All in all, Hindutva in India is kind of nationalism which brings together politics of imagination, insecurity, cultural transformation, and social mobilization in a manner that generates fear but at the same time allows for the myth of tolerant Hindus to go unchallenged. It has been successful in conjuring up the image of a peaceful Hindu Self vis-à-vis the threatening minority.Couching itself in cultural terms, Hindu nationalism is essentially a political movement seeking to purify culture and transform society in India. The capturing of the state is seen as a means to an end- the creation of a Hindu Rashtra. There is no gainsaying that the disease of nationalism has gone global and at most places it has degenerated into authoritarianism.What we see is more and more people arguing against democracy, more and more people who are looking to restrict freedom of the press, and we see more intolerance, more tribal divisions, more ethnic divisions, and religious divisions and more violence.

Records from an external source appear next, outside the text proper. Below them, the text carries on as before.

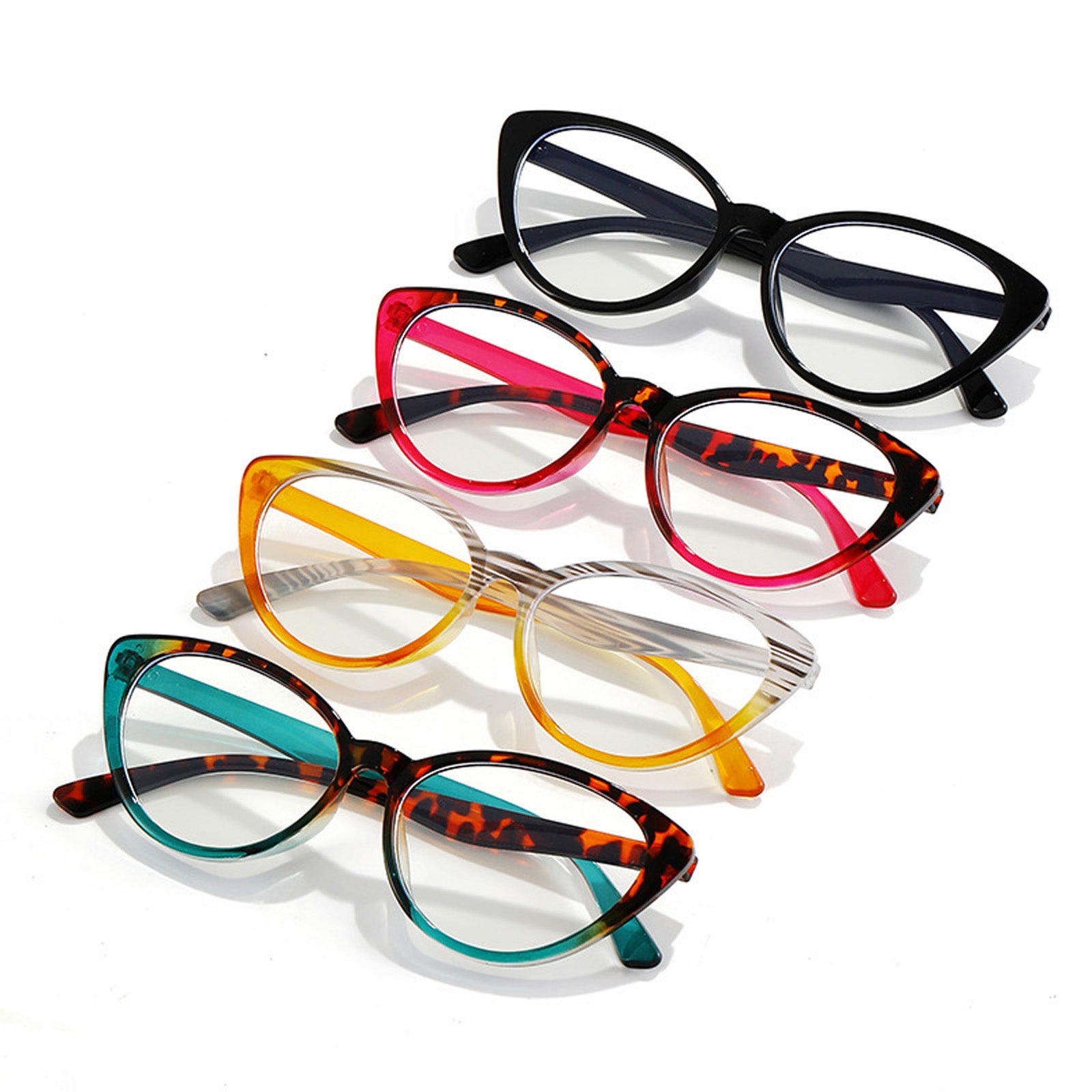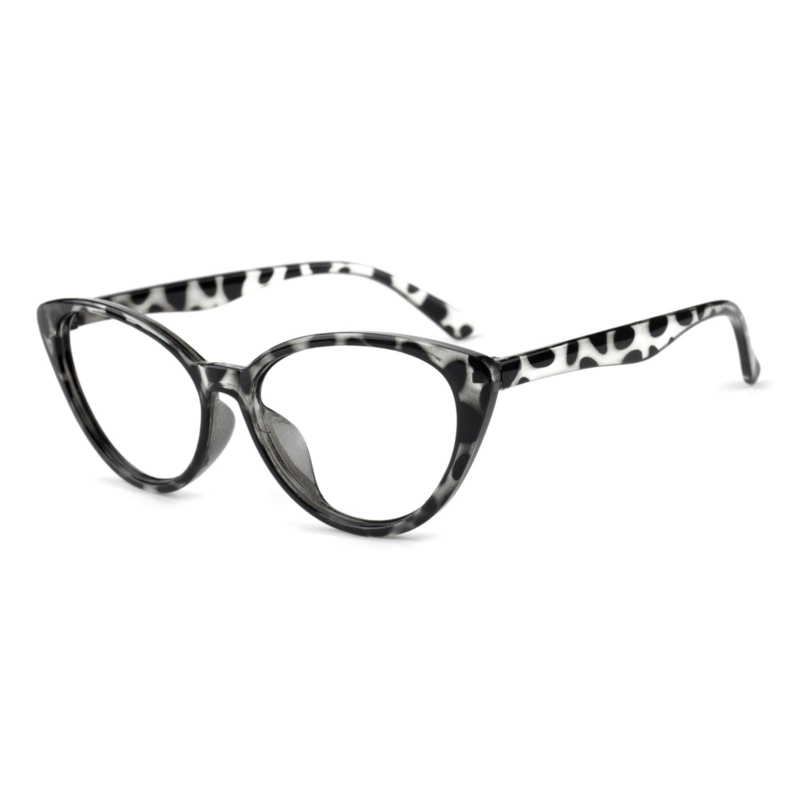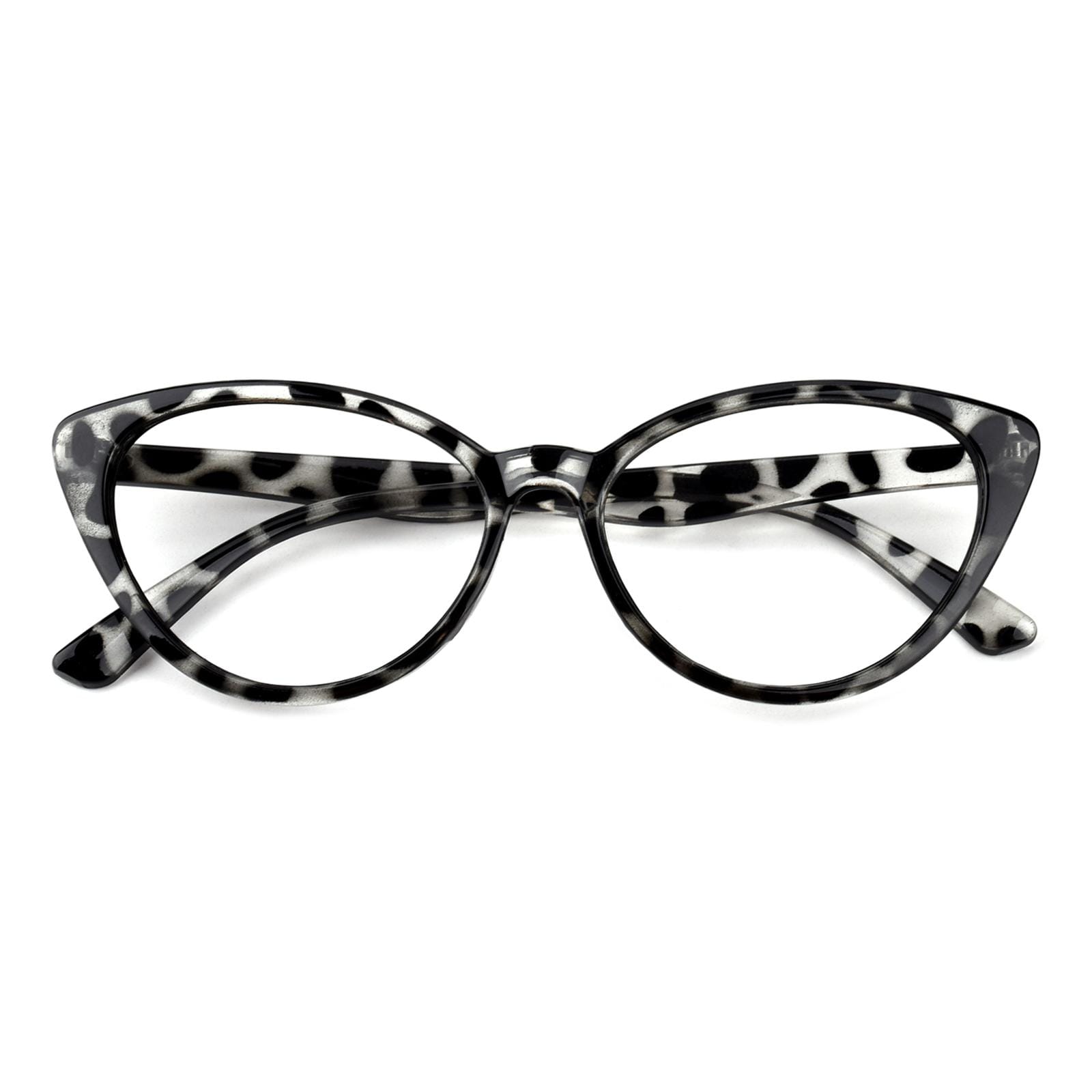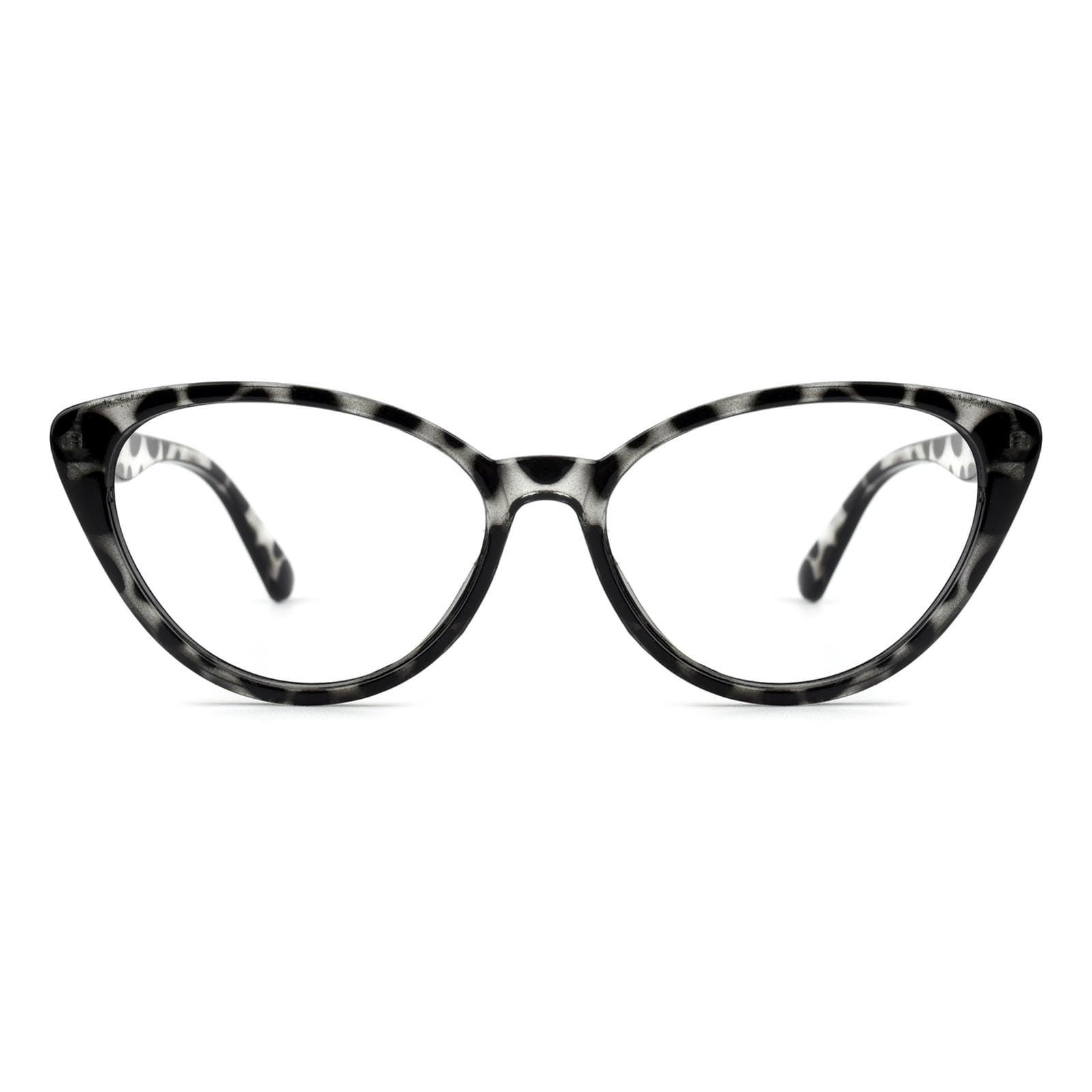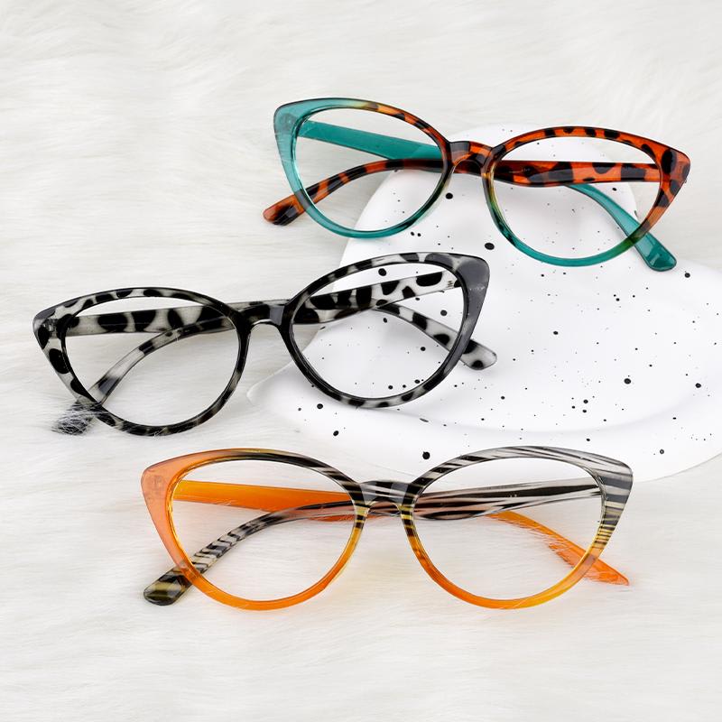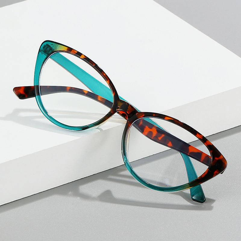 Crafted from lightweight plastic. these frames. at just 13g. guarantee comfort during extended wear. The unique fusion of green and leopard patterns adds a touch of nature-inspired charm. while the cateye shape infuses a vintage allure with modern sophistication. Whether it's work or leisure. 'Clara' promises a stylish and comfortable companion for any occasion.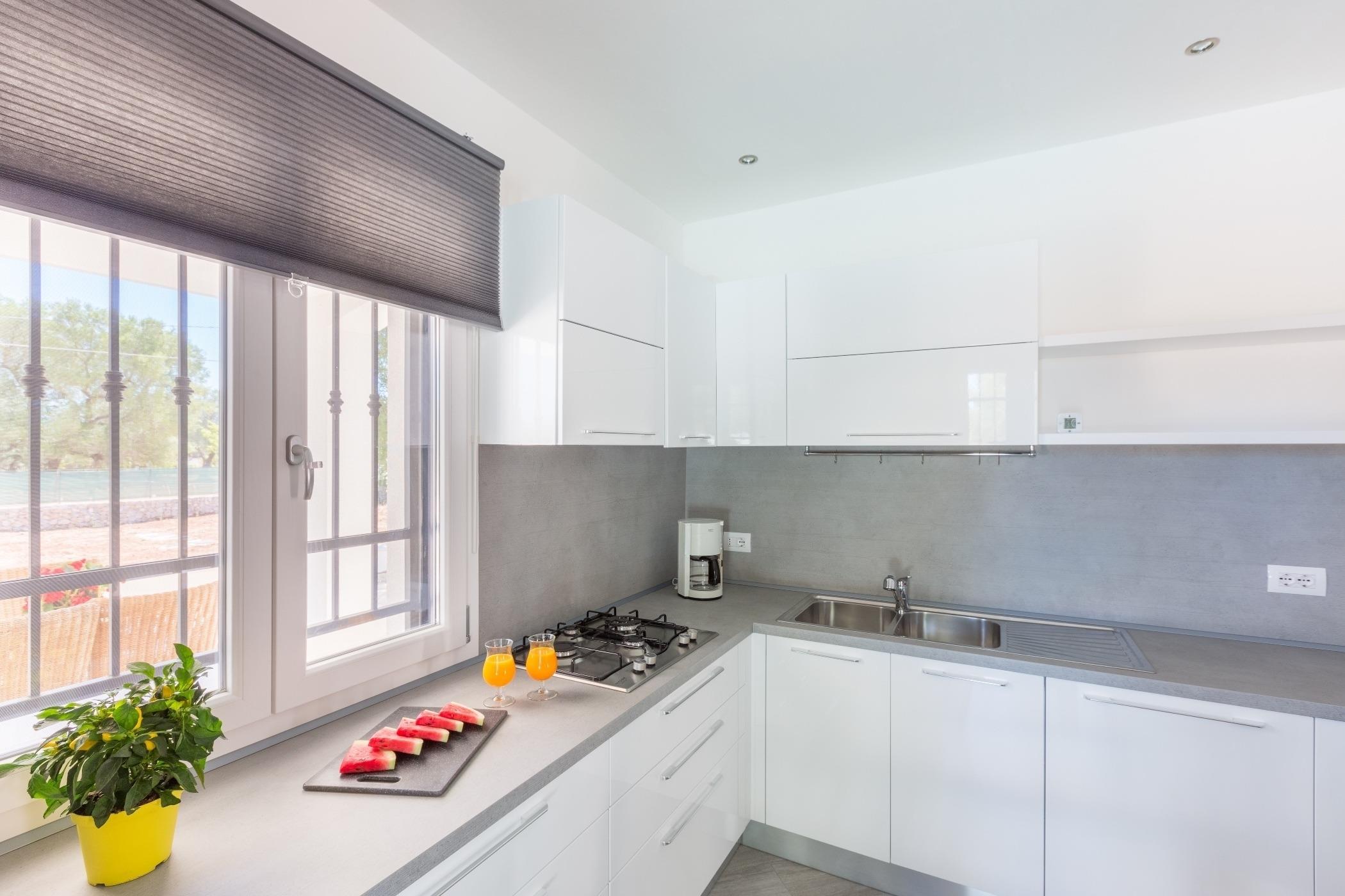 Die Küche ist für die Zubereitung von Mahlzeiten ausgestattet und bietet einen Geschirrspüler, Weingläser und einen Wasserkocher.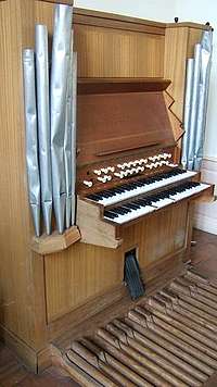 Positif : Quintaton 16 Nachtorn 8 Principal 8 Unda maris 8 Flûte douce 8 Dulciane 4 Quintaton 8 Doublette 2 Sifflet 1 Clarinette 8 Trompette 8 Clairon 4 Plein-Jeu harmon.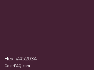 Hex #452034 Color is a very dark rose color and the nearest color is Livid Brown #4d282e. Hex code #452034 and RGB value is rgb(69,32,52). In RGB color space, this color is composed of 27% red, 13% green, 20% blue, In CMYK color space, this color is composed of 0% cyan, 54% magenta, 25% yellow , 73% black , In HSL color space, this color has a hue angle of 328° , 37% saturation and 20% lightness.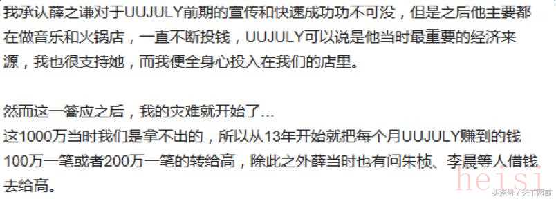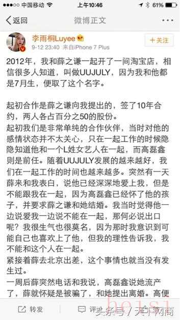 最近的娱乐圈似乎被薛之谦承包了,刚刚与前妻高磊鑫高调宣布复合,昨晚网红李雨桐又发微博长文,称她曾与薛之谦合伙开淘宝店“UUJULY”,取这个名字是因为她和薛都是七月出生,却遭遇遭薛之谦“骗财骗感情”,从2013年开始把每个月UUJULY赚到的钱作为“离婚费”转给高磊鑫。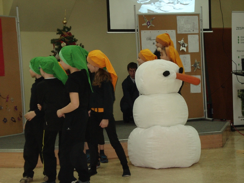 Najpierw trzecioklasiści wprowadzili wszystkich w świąteczny nastrój kolędą wygraną na chromatycznych dzwonkach (nieco później zaprezentowali oni „Jasełka”). Najmłodsi uczniowie przedstawili teatralne etiudy „Życzenia świąteczne”, a drugoklasiści „Bałwany”. Najważniejsza część spotkania to opłatek, najpiękniejsza to wspólne kolędowanie, a najsmaczniejsza – poczęstunek przygotowany przez rodziców. Wśród gości był pan Idryssa Sanoggo z dziećmi, którego zachwyciła uroczystość, ale na pewno nie był jedyny.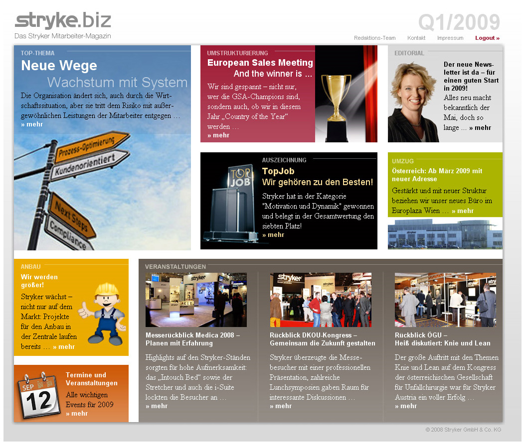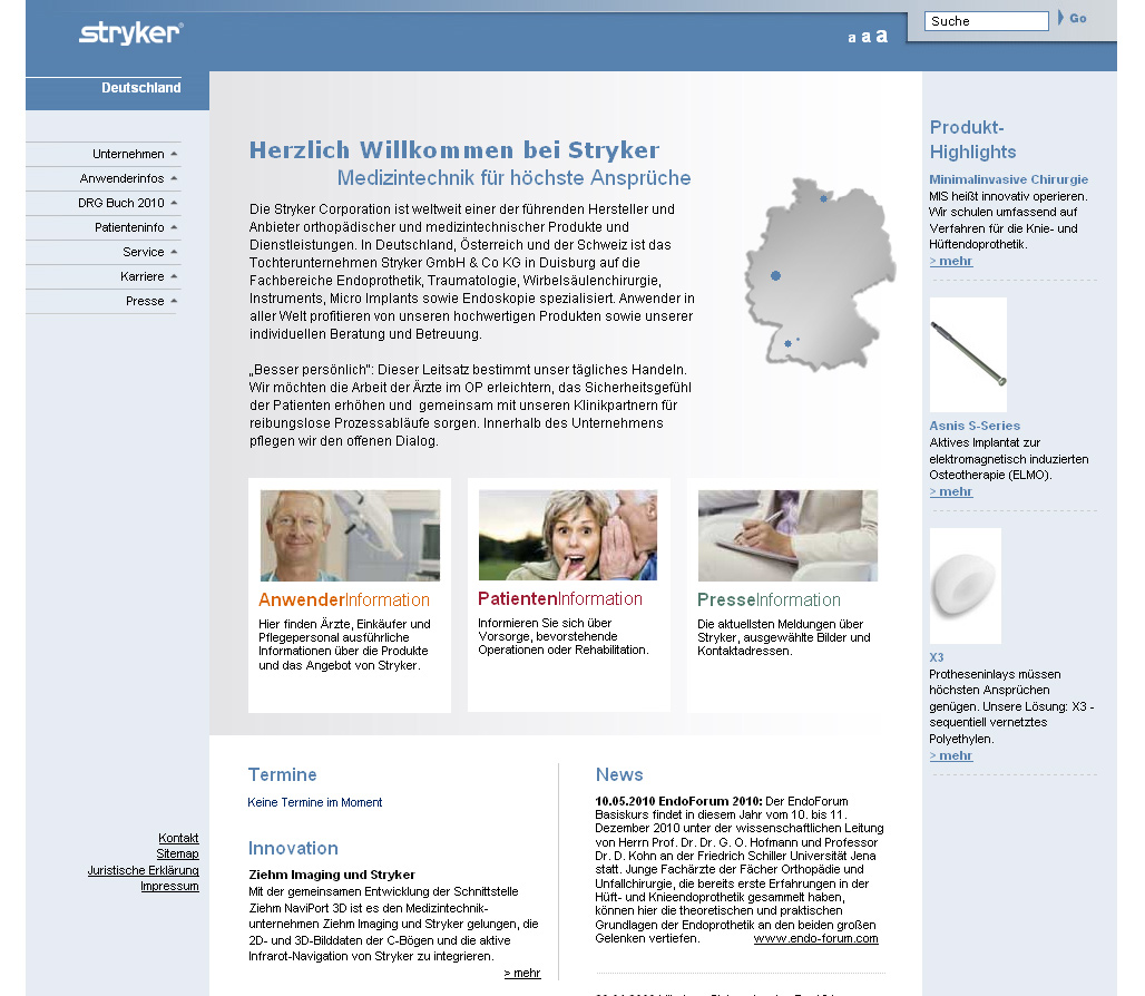 Die Stryker Corporation ist weltweit einer der führenden Hersteller und Anbieter orthopädischer und medizintechnischer Produkte und Dienstleistungen. In Deutschland, Österreich und der Schweiz ist das Tochterunternehmen Stryker GmbH & Co KG in Duisburg auf die Fachbereiche Endoprothetik, Traumatologie, Wirbelsäulenchirurgie, Instruments, Micro Implants sowie Endoskopie spezialisiert.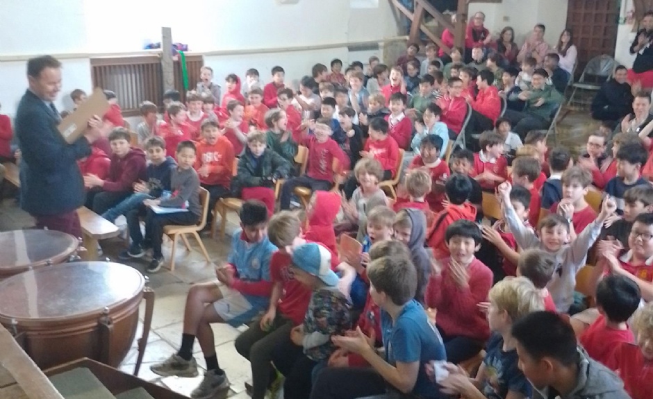 A variety of acts entertained the school for half an hour in the Pilgrims’ Hall: Theo W and Harry C made us laugh with their comedy act; Teddy W and Yan Z each showed impressive skills with their Rubik’s cubes; Bertie L entertained with his yo-yo skills; Wilfred S and Louis B amused with their very different, but equally entertaining acts; finally, young Leo HP wowed with his dance skills.

If we don’t stand up for globalism, tolerance and moderation and respect for others, if we begin to doubt ourselves and all that we have accomplished, then much of the progress that we have made will be lost and eventually we will have war and conflict. Sooner or later the societies will break down. We must reject those appealing to religion, appealing to fear, pitting one group against another, telling people that order and security will be restored if it weren't for those who don't look like us or don't sound like us or don't pray like we do.